Determine whether each of the following relations are reflexive, symmetric and transitive:

(i) Relation R in the set. A $= \{1, 2, 3, ………, 13, 14\}$ defined as $R = \{ (x,\;y):3x - y = 0\}$

(i) A $= \{1, 2, 3, 4, 5, 6, \cdots., 13, 14 \}$ is the given set
R $= \{(x, y) : 3x-y$ = $0\} \Rightarrow$ R $= \{(1, 3), (2, 6) (3, 9), (4, 12)\}$

Reflexive

Let $x \in A$ be any element.

Since, $(x,\;x) \notin R\;\;\;\;\therefore \;\;R\;\;\;is\;\;not\;\;reflexive$

Symmetric

$x,\;y \in A,\;\;(x,\;y) \in R\;\;but\;\;(y,\;x) \notin R$

Therefore, $R$ is not symmetric.

Transitive

$x,\;y,\;z \in A\;\; \Rightarrow (x,\;y) \in R\;\;and\;\;(y,\;z) \in R\; \Rightarrow (x,\;z) \in R$

For example : (1, 3)$\in$R and (3, 9)$\in$R but (1, 9) $\notin R$ ,therefore, R is not transitive.

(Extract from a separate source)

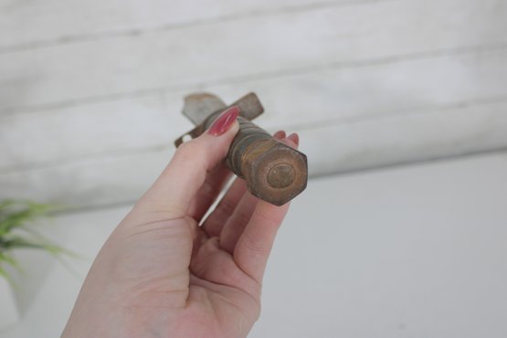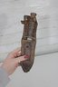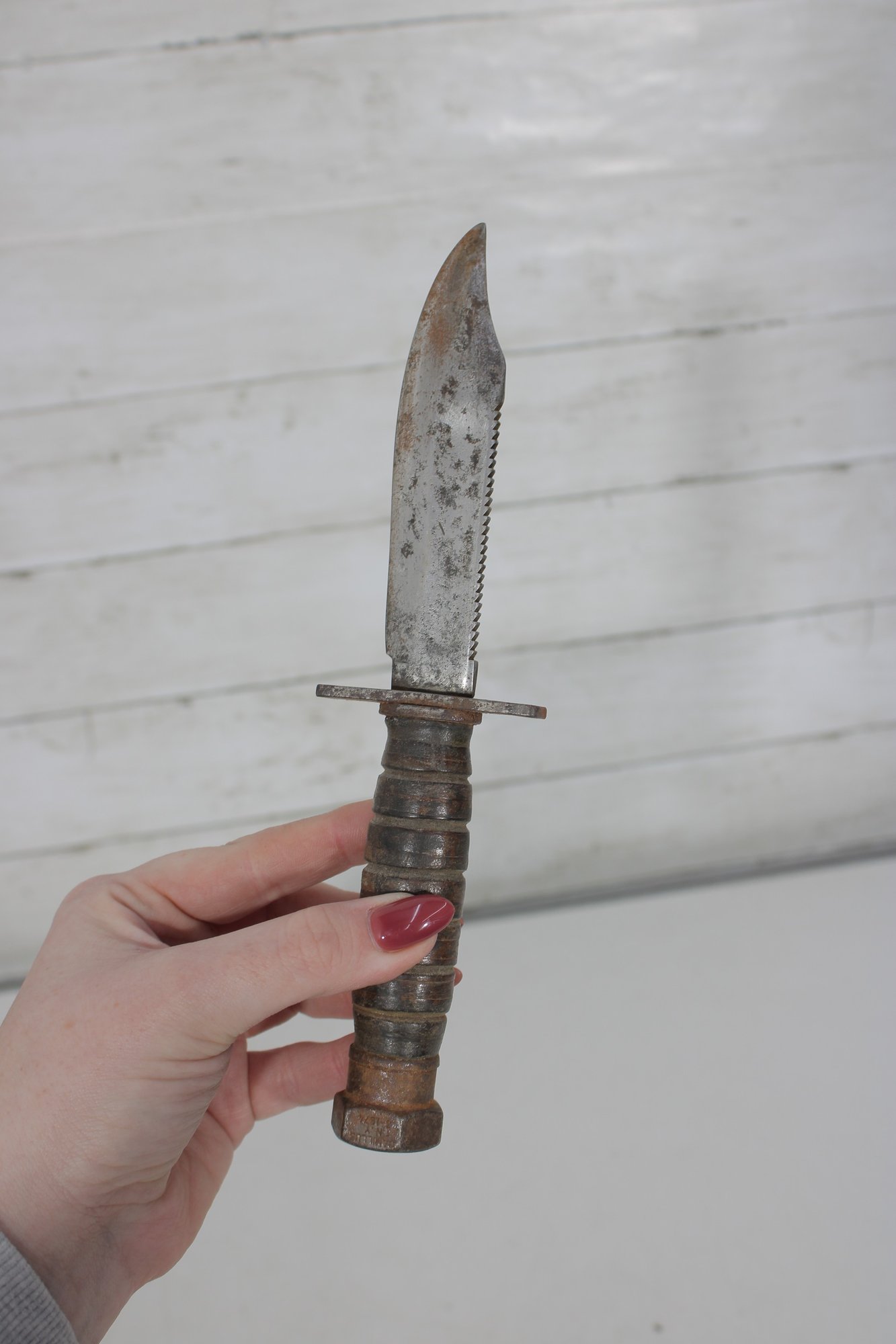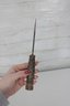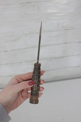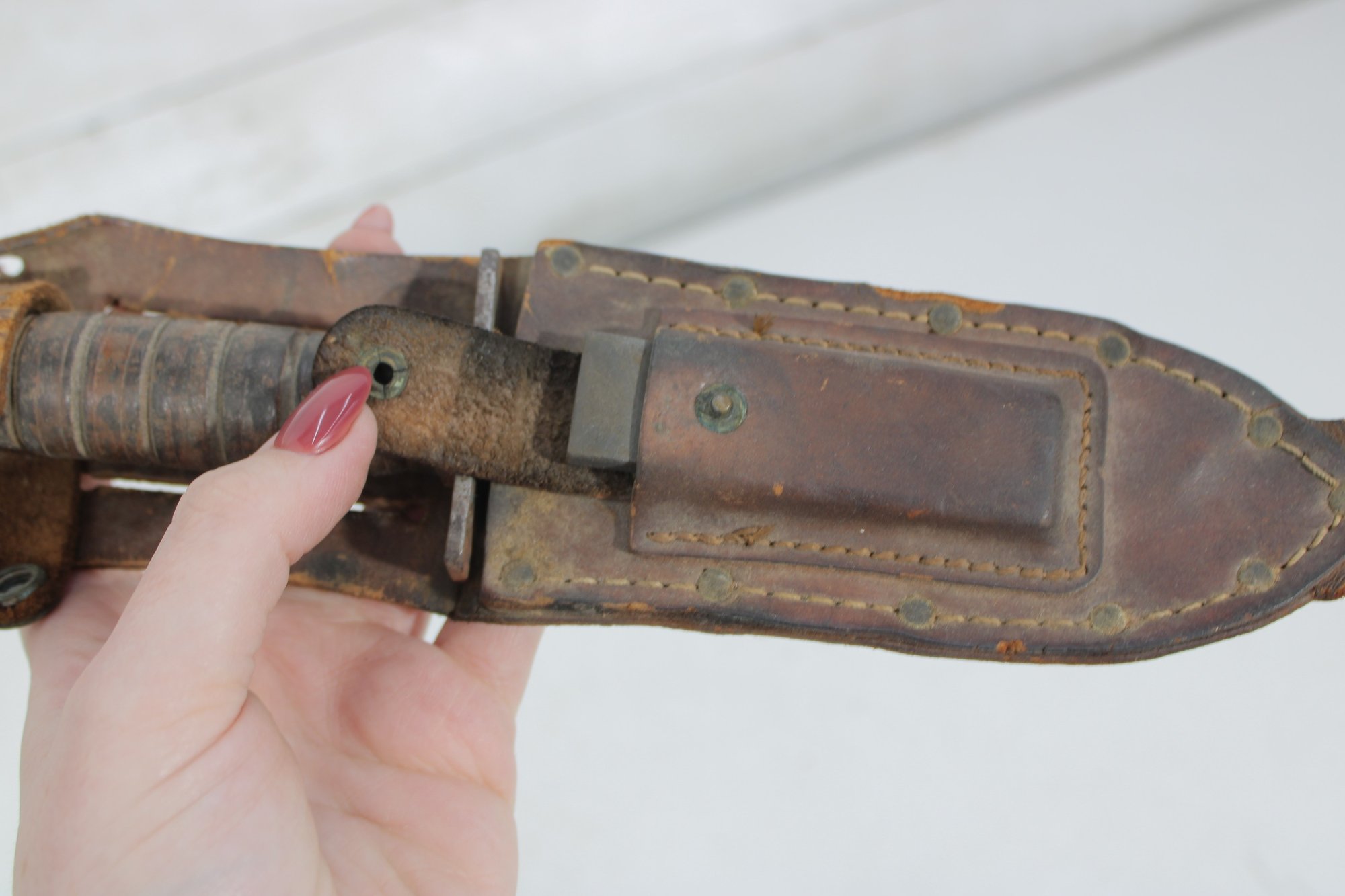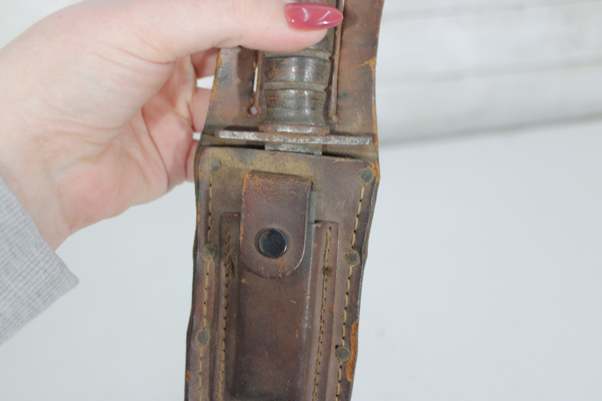 Vintage military-style fixed blade fighting knife offered with its original leather sheath. This compact 10” knife features a stacked handle grip, metal guard, and aged blade with a well-worn patina that reflects years of use and storage. The leather sheath shows classic stitched construction with belt attachment, adding to its rugged collectible appeal.

Hence, R is neither reflexive, nor symmetric and nor transitive.

(ii) Relation R in the set N of natural numbers defined as $R = \{ (x,\;y):y = x + 5\;\;and\;\;x < 4\}$

(ii) N is the set of natural numbers

R $= \{(x, y) : y$ = $x + 5$ and $x < 4\}$ is the set of natural numbers.

$R = \{ (1,\;6)(2,\;7),\;(3,\;8)\}$

Reflexive

Let $x \in N$ be any element.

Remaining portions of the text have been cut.